Человек, которому в итоге достаются эти деньги, богатый и сладкоречивый юрист Лысевич, утверждает, будто Анна Акимовна — представитель «какого-то третьего пола». Он уговаривает ее войти в роль «женщины fin de siècle», которая, по его словам, «независима, умна, изящна, интеллигентна, смела и немножко развратна», которая обзаводится любовниками по числу дней в неделе, которая смеет «не прозябать, а смаковать жизнь». Вместо того чтобы раскрепостить Анну Акимовну, эти речи Лысевича лишь подтверждают ее страхи: полученное наследство уничтожило ее способность любить и быть любимой, она оказалась в незавидной роли служанки, внезапно сделавшейся хозяйкой. Как пишет Ольга Матич, в символистской мифологии «третий пол» «выступал одновременно в роли эстетизированного фетиша и единого пола, который восстанавливает целое и обеспечивает тело бессмертием после конца природы и истории»[273]
. Но Лысевич путается в понятиях и говорит, что если Анна Акимовна — существо третьего пола, тогда он — четвертого, и продолжает: «[И] мы уносимся вместе в область тончайших цветовых оттенков и там сливаемся в спектр»[274], тем самым вновь возвращаясь к двойственности и окончательно теряя нить мысли. Анна Акимовна решительно возражает на все его рассуждения: «Я хочу от любви мира моей душе, покоя, хочу подальше от мускуса и всех там спиритизмов и fin de siècle… одним словом, — смешалась она, — муж и дети»[275].Единственный момент подлинного сопереживания — между Анной и ее горничной Машей — изображен в самом конце рассказа.
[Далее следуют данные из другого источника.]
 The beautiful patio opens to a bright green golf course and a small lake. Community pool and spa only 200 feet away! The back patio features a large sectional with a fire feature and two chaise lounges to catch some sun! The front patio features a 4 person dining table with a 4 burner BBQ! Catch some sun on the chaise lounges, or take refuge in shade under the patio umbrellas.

Машу отверг вальяжный лакей, в которого она влюблена, а Анна на исходе ночи, придя к себе в спальню, легла на кровать и «зарыдала от стыда и скуки», поняв, что «ей уже поздно мечтать о счастье, что все уже для нее погибло и вернуться к той жизни, когда она спала с матерью под одним одеялом, или выдумать какую-нибудь новую, особенную жизнь уже невозможно»[276]
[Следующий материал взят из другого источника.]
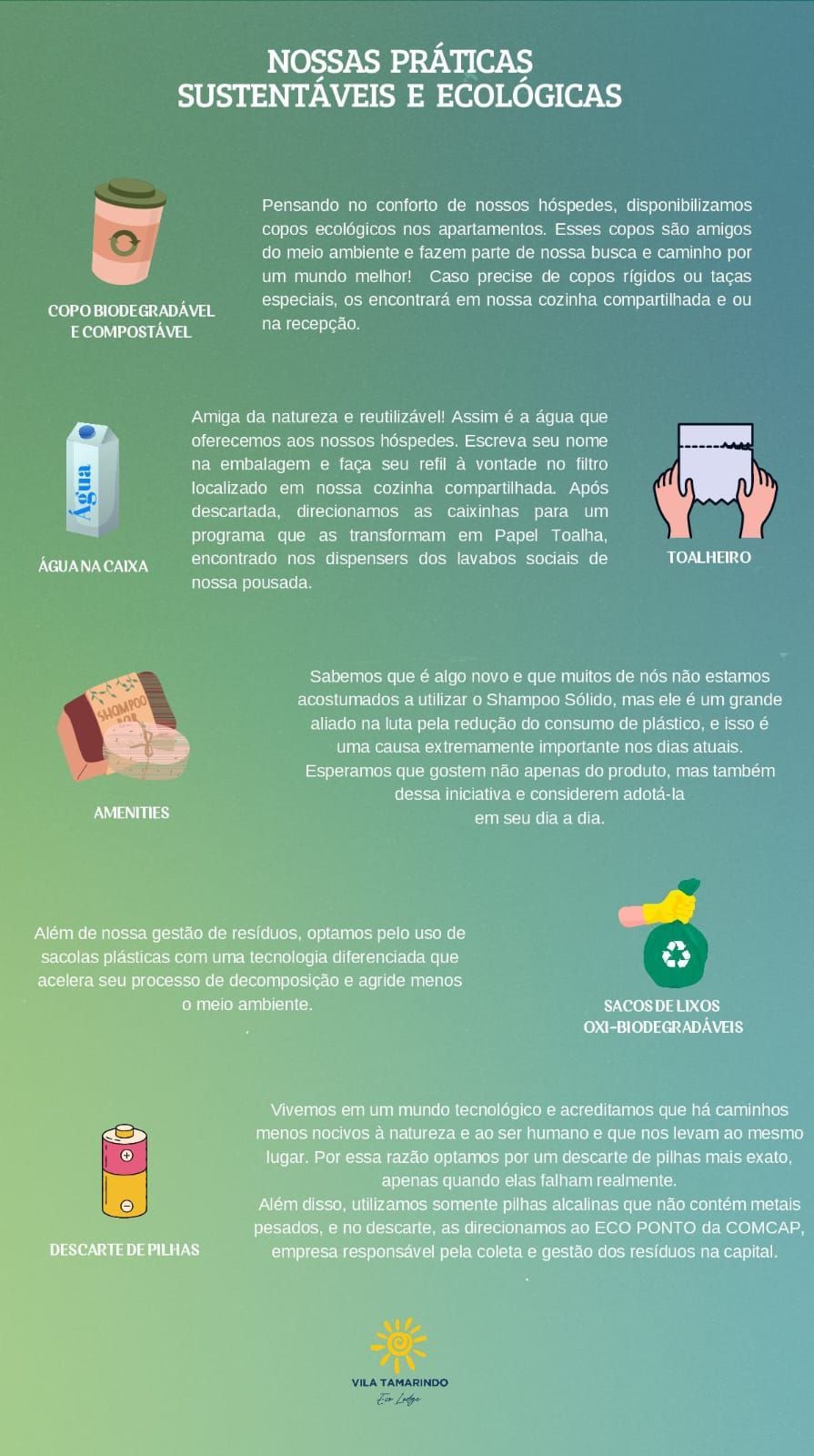 The Empreendimento Pousada Vila Tamarindo Eco Lodge, located in the neighborhood of Campeche, municipality of Florianópolis, state of Santa Catarina, Brazil, a small coastal leisure accommodation facility, facing Campeche beach, is committed to the Principles of Sustainable Tourism and establishes its sustainability policy, aiming to promote the continuous improvement of its operations in order to:

. Несмотря на классовые различия, и Анна, и Маша испытывают одинаковый страх и отчаяние при мысли о том, что они всю жизнь так и проживут без мужа и семьи.Рыжая Маша стояла на коленях перед постелью и смотрела на нее печально, с недоумением, потом и сама заплакала и припала лицом к ее руке; и без слов было понятно, отчего ей так горько.
— Дуры мы с тобой, — говорила Анна Акимовна, плача и смеясь. — Дуры мы! Ах, какие мы дуры![277]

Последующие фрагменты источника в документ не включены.